Where are attractors used?

Hello!

Do you mean where are there examples of attractors in Nengo?
The following code you should be able to copy into a file and run with ‘python filename.py

""" Implementing ddy = alpha * (beta * (y* - y) - dy) """

import numpy as np
from scipy.linalg import expm

import nengo

def generate(net=None, n_neurons=200, alpha=1000.0, beta=1000.0/4.0, dt=0.001):
    tau = 0.1  # synaptic time constant

    # the A matrix for our point attractor
    A = np.array([[0.0, 1.0],
                  [-alpha*beta, -alpha]])

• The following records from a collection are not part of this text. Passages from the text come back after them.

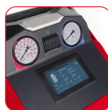
Touchscreen a colori da 7"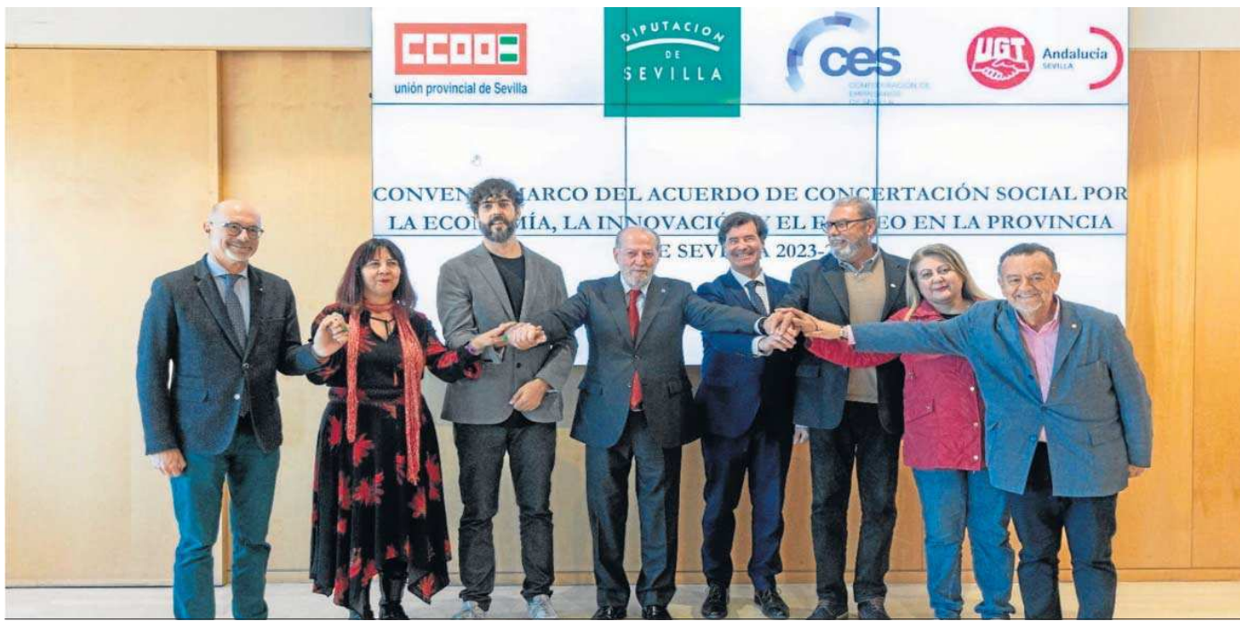
El presidente Villalobos, en el encuentro que ha mantenido este martes con los representantes del sector empresarial y las centrales sindicales, en la sede de la Diputación.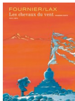
Les chevaux du vent - tome 1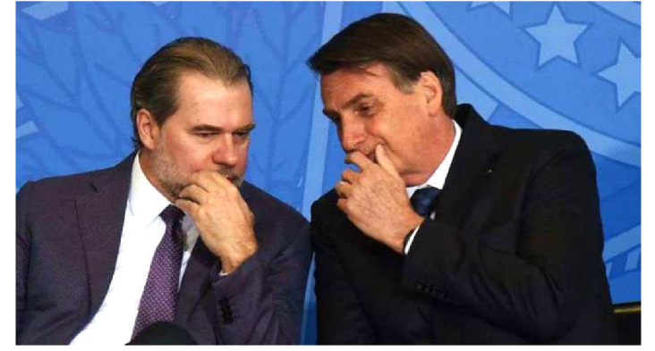
MINISTRO DIAS TOFFOLI DEFENDE QUE BOLSONARO ESCOLHA

O presidente do Supremo Tribunal Federal (STF), Dias Toffoli, afirmou que o nome escolhido pelo presidente para o cargo de procurador-geral da República (PGR) não precisa estar na lista tríplice montada por meio de votação pelos integrantes do Ministério Público Federal (MPF). No entanto, o ministro defendeu que apenas subprocuradores-gerais, que estão no topo da carreira do órgão, podem atuar nos tribunais superiores.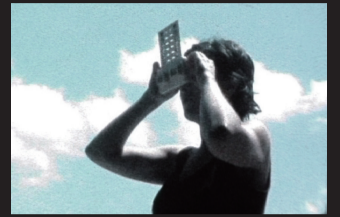
Cómo dibujar animales tristes...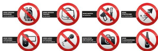
Foto-, Film- und Videoaufnahmen sind bei den Konzerten grundsätzlich verboten. Die Besucher werden deshalb gebeten, auf das Veranstaltungsgelände keine professionellen Kameras mitzubringen.

Der Bayerische Rundfunk und die Kreisstadt Mühldorf a. Inn bitten um das Verständnis aller Besucherinnen und Besucher.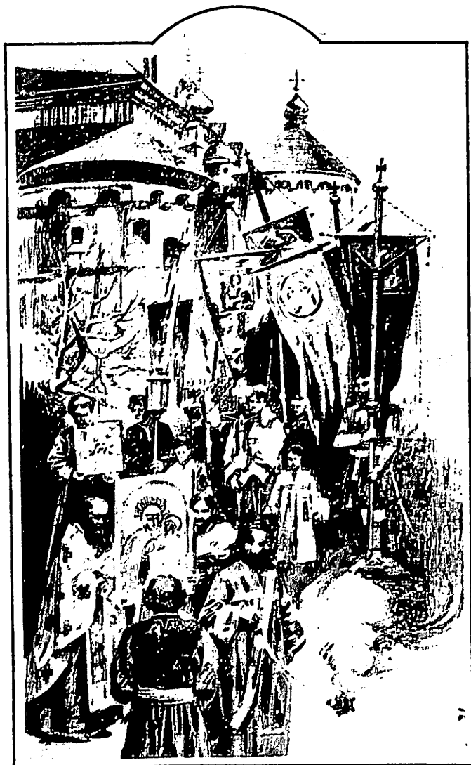
Фрагмент з малюнка М. Самокиша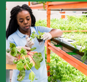
WAGENINGEN UNIVERSITY & RESEARCH

Wageningen University & Research leidt veel mensen op die na hun opleiding bijdragen aan een betere voedselzekerheid vanuit hun werk bij nationale en lokale overheden, boerenorganisaties bedrijven en (internationale) NGO's. Dat doen ze met de best beschikbare kennis, van projecten zoals FNS-REPRO waar met de FAO gewerkt is aan verbeterde voedselzekerheid in Soedan, Zuid-Soedan en Somalië.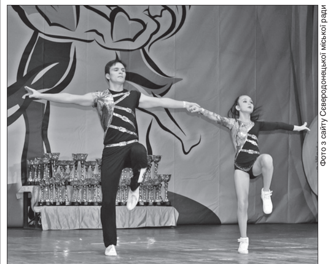
У Северодонецьку пройшов V етап чемпіонату України з акробатичного рок-н-ролу та бугі-вугі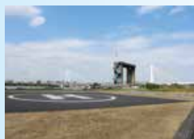
▲ 高規格堤防とヘリポート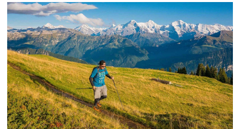
Trailrunner unterwegs Beatenberg, im Hintergrund die das Dreigestirn Eiger, Mönch und Jungfrau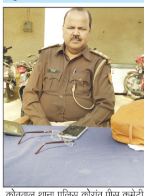
कोराव थाना पुलिस कोराव पीस कमेटी की बैठक में विचार व्यक्त करते हुए

    # the B matrix for our point attractor
    B = np.array([[0.0, 0.0], [alpha*beta, 1.0]])

    # discretize
    Ad = expm(A*dt)
    Bd = np.dot(np.linalg.inv(A), np.dot((Ad - np.eye(2)), B))
    # account for discrete lowpass filter
    a = np.exp(-dt/tau)
    A = 1.0 / (1.0 - a) * (Ad - a * np.eye(2))
    B = 1.0 / (1.0 - a) * Bd

    if net is None:
        net = nengo.Network(label='Point Attractor')
    config = nengo.Config(nengo.Connection, nengo.Ensemble)
    config[nengo.Connection].synapse = nengo.Lowpass(tau)
    # config[nengo.Ensemble].neuron_type = nengo.Direct()

    with config, net:
        net.ydy = nengo.Ensemble(n_neurons=n_neurons, dimensions=2,
            # set it up so neurons are tuned to one dimensions only
            encoders=nengo.dists.Choice([[1, 0], [-1, 0], [0, 1], [0, -1]]))
        # set up Ax part of point attractor
        nengo.Connection(net.ydy, net.ydy, transform=A)

        # hook up input
        net.input = nengo.Node(size_in=2, size_out=2)
        # set up Bu part of point attractor
        nengo.Connection(net.input, net.ydy, transform=B)

        # hook up output
        net.output = nengo.Node(size_in=1, size_out=1)
        # add in forcing function
        nengo.Connection(net.ydy[0], net.output, synapse=None)

    return net


if __name__ == '__main__':

    time = 5  # number of seconds to run simulation
    model = nengo.Network()
    with model:
        def goal_func(t):
            return [float(int(t)) / time * 2 - 1, 0]
        goal = nengo.Node(output=goal_func)
        pa = generate(n_neurons=1000)
        nengo.Connection(goal, pa.input, synapse=None)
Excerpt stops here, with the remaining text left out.